(Stored data)
============

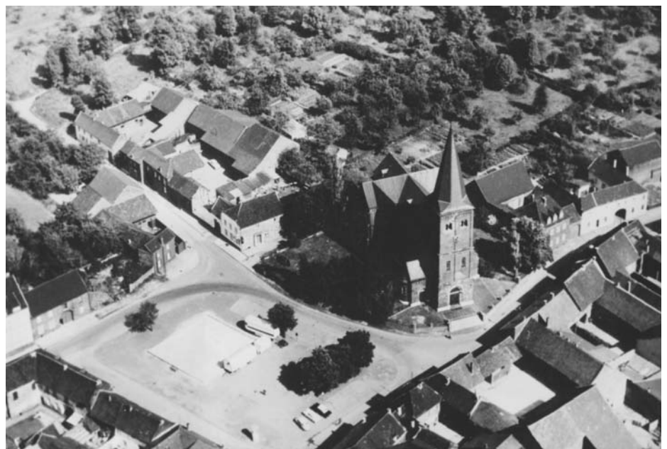
Zentrum von Lohn mit Pfarrkirche St. Silvester, 1960
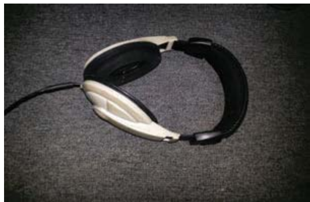
Gambar 5. Headphone merk Samson yang digunakan di Jack's One Studio

Headphone berfungsi untuk memonitor hasil recording . Alat ini sangat berguna misalnya saat kita ingin take suara instrumen, sambil mendengarkan panduan pola musik yang sudah diaransemen. Dengan menggunakan headphone , musik akan terdengar lebih fokus. Jack's One studio memiliki headphone merk Samson dengan kualitas baik pada saat take vokal. Suara yang dihasilkan headphone tersebut setereo (seperti pada gambar 5).
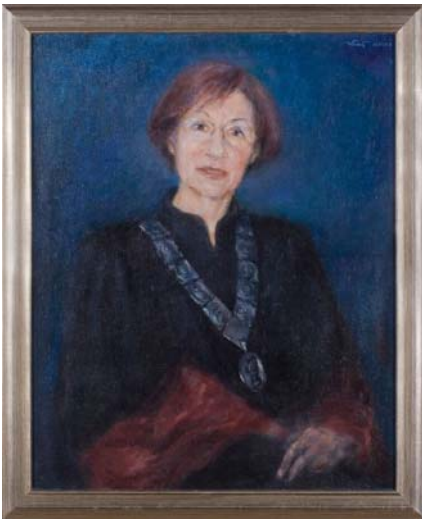
Portret H. J. Mencer (Galerija rektora - aula) Autor: Zlatko Kauzarić Atač, Zagreb 2006.
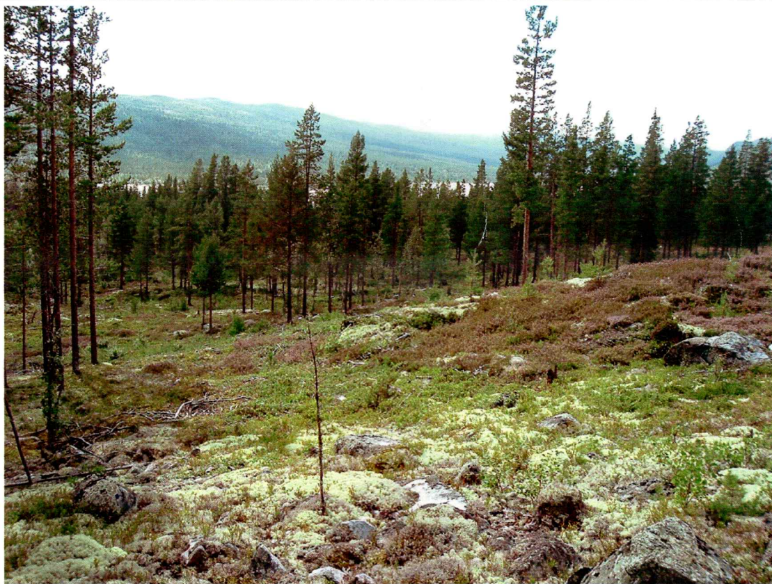
Foto: Oversikt over planområdet, topografi og vegetasjon, fra nordøst mot sørvest. ID100086-4 i midten av bildet.

Planområdet ligger på nordre side av Pålsbufjorden, sørøst for Grefsgardnatten og vest for Bjørnsrudbekken, og grenser mot Grefsgard i vest. Tidligere registreringer omfatter ID 9837 og ID 75200, 1 bogastelle og 2 fangstgroper.
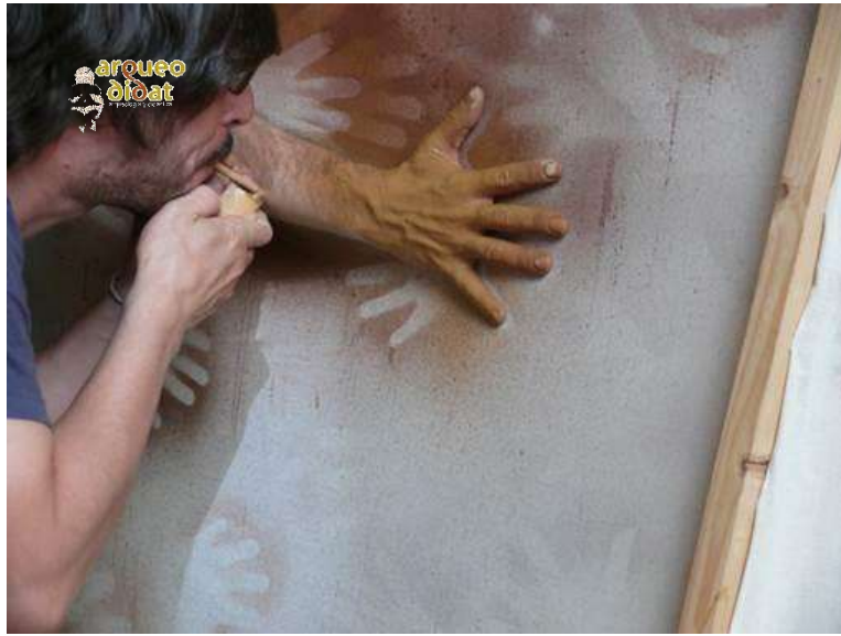
Imagen 7 Pintura de manos en negativo con ocre mineral mediante la técnica del aerógrafo.
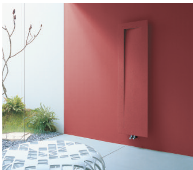
Calorifer Wall finished (cod. 6B)

Corpul radiant este o sculptură murală și oferă infinite soluții de amenajare. Iar mimetizarea finisajelor creează un anturaj cu adevărat armonios. Linia nu este scopul în sine, ea dă naștere formei care devine corp, lumină, culoare, pentru a se transforma mai apoi în căldura.
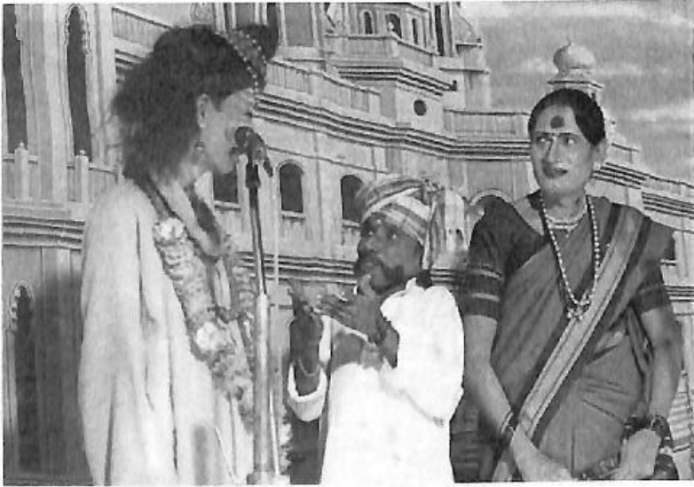
'ರತ್ನಮಾಂಗಲ್ಯ' ನಾಟಕದಲ್ಲಿ 'ಮಾಳಿ'ಯ ಪಾತ್ರ
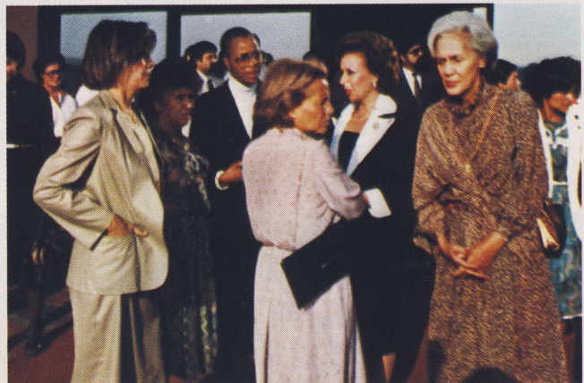
Graça Machel na sala dos VIP's com a Dr. Manuela Eanes e Maria Barroso

At the airport conversing, Graça Machel wife of the President of Mozambique, with the first lady Manuela Eanes and Maria Barroso, wife of the Portuguese Prime Minister
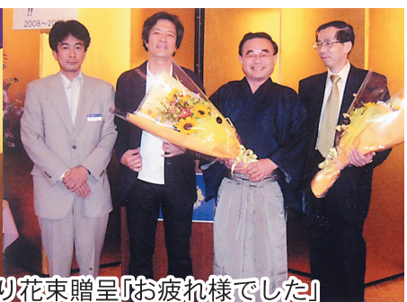
次期会長・幹事より花束贈呈「お疲れ様でした」
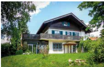
SEEBODEN 1080 / 3043

Gemütliches Einfamilienhaus, traumhaft angelegter Garten, sehr gepflegt, ideale Lage, Top-Infrastruktur. Ab Oktober 2019. Wfl. ca. 120 m 2 , Gfl. ca. 580 m 2 HWB: in Arbeit Kaufpreis € 249.000,- Fr. Frühauf Tel. +43 664 881 79 083
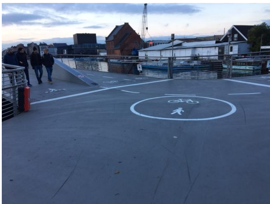
Sommerfuglebroen set fra Lejerbo-siden. Der er i dag opstribet adskillelse mellem gang- og cykelsti ude i krydset og der er markeret en "tavle" nede i belægningen, der skal fortælle, at dette broen er
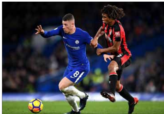
Chelsea Londyn przegrała u siebie z Bournemouth aż 0:3 w 25. kolejce angielskiej ekstraklasy piłkarskiej
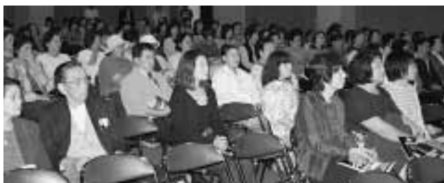
多くの映画ファンが来場しました

毎年恒例となった七戸町商工会主催の「七」の日イベントが7月7日、中央商店街イベント広場で開かれ、家族連れなど多くの来場者でにぎわいました。当日会場には、保育園児らが作成したたくさんの絵馬が飾られ、その他、地元の各団体によるフリーマーケットやお馴染みのクレヨンしんちゃんショーなどで会場は大いに盛り上がりました。
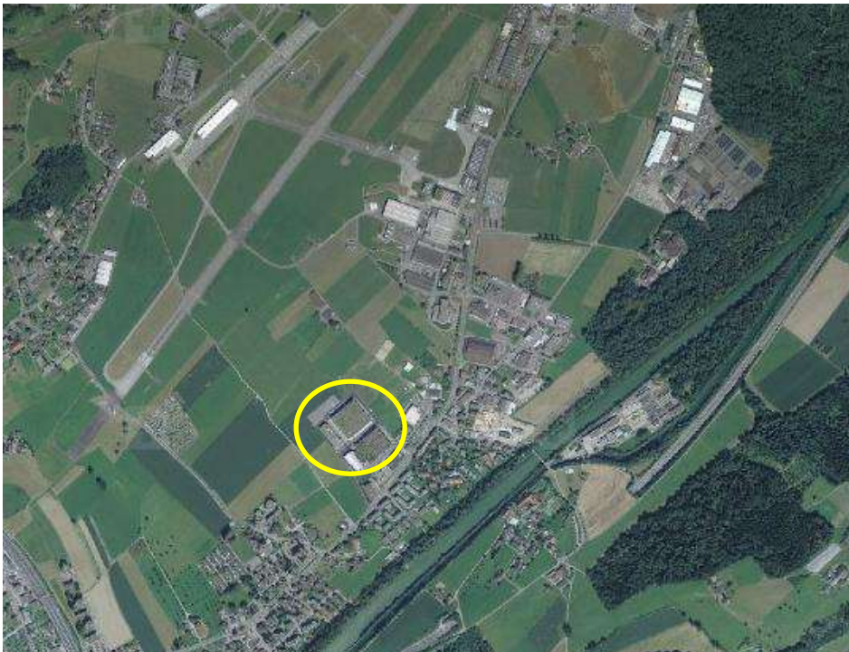
Abb. 4. Lage der Flachdächer in Emmen. Die Dachflächen sind von oben kaum von den landwirtschaftlich genutzten Flächen zu unterscheiden.

wachsenen Vögel regelmässig nach Nahrung, ebenso auf den Ackerflächen und den beweideten Grünflächen.
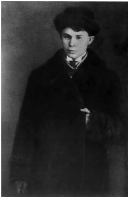
7. С. А. Есенин с отцом А. Н. Есениным и дядей И. Н. Есениным. 1913, июль, 13. Москва.
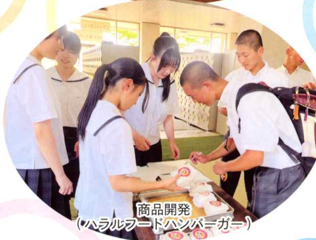
商品開発 (ハラルフードハンバーガー)
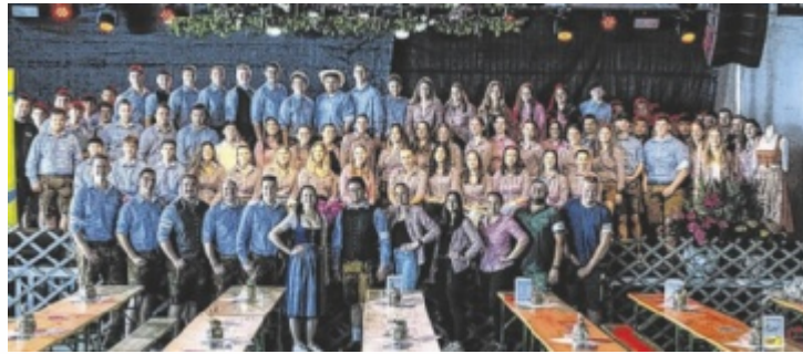
Die Landjugend lädt zu zwei Veranstaltungen ein.

Am Christi Himmelfahrtstag lädt die Landjugend zur traditionellen Mostkost auf den Lichtenhof in Fierling 9, 4532 Rohr ein. Musikalisch sorgen der Musikverein Kremsmünster, das Freche Blech, die Unbrassbaren sowie eine Showeinlage der Wartberger Plattlermädel für abwechslungsreiche Unterhaltung. Abends übernimmt DJ Seyli das musikalische Zepter in der Partyzone. Kulinarisch wird ein vielfältiges Angebot geboten. Für Familien gibt es ein eigenes Kinderprogramm mit abwechslungsreicher Betreuung – so ist auch für die
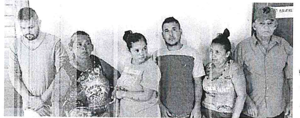
Seis pessoas presas em Carutapera vão responder pelos crimes de tráfico de drogas e porte de armas
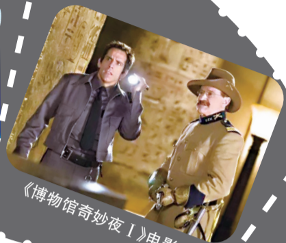
《博物馆奇妙夜 I》电影剧照
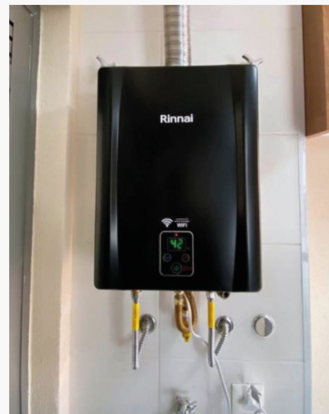
Imagem 12: Sistema de aquecimento de passagem

Referência normativa: os diversos tipos de sistema, componentes e recomendações de dimensionamento podem ser verificados na norma ABNT NBR 16057 - Sistema de aquecimento de água a gás (S.A.A.G.) — Projeto e instalação
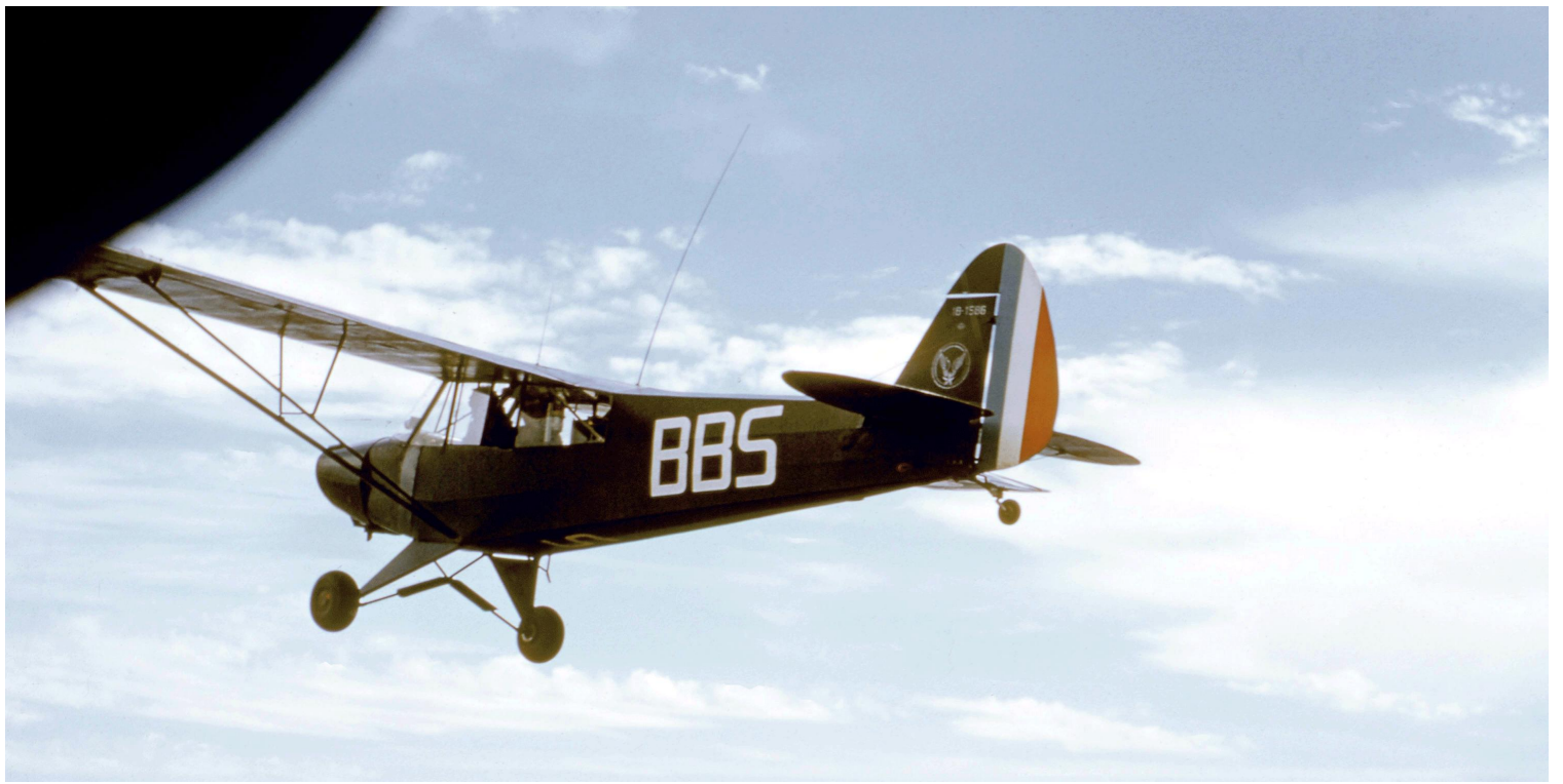
EA.ALAT, à Sidi-bel-Abbès, en 1961, le L-18C n°18-1586/BBS.

============

Exact copy, no pictures. Write out the lines in the entries above, starting with the line with "Headphone berfungsi untuk" and going on through the line with "Calorifer Wall finished (cod. 6B)", keeping both.

> Solution for this exercise:
Headphone berfungsi untuk memonitor hasil recording . Alat ini sangat berguna misalnya saat kita ingin take suara instrumen, sambil mendengarkan panduan pola musik yang sudah diaransemen. Dengan menggunakan headphone , musik akan terdengar lebih fokus. Jack's One studio memiliki headphone merk Samson dengan kualitas baik pada saat take vokal. Suara yang dihasilkan headphone tersebut setereo (seperti pada gambar 5).
Portret H. J. Mencer (Galerija rektora - aula) Autor: Zlatko Kauzarić Atač, Zagreb 2006.
Foto: Oversikt over planområdet, topografi og vegetasjon, fra nordøst mot sørvest. ID100086-4 i midten av bildet.

Planområdet ligger på nordre side av Pålsbufjorden, sørøst for Grefsgardnatten og vest for Bjørnsrudbekken, og grenser mot Grefsgard i vest. Tidligere registreringer omfatter ID 9837 og ID 75200, 1 bogastelle og 2 fangstgroper.
Imagen 7 Pintura de manos en negativo con ocre mineral mediante la técnica del aerógrafo.
Calorifer Wall finished (cod. 6B)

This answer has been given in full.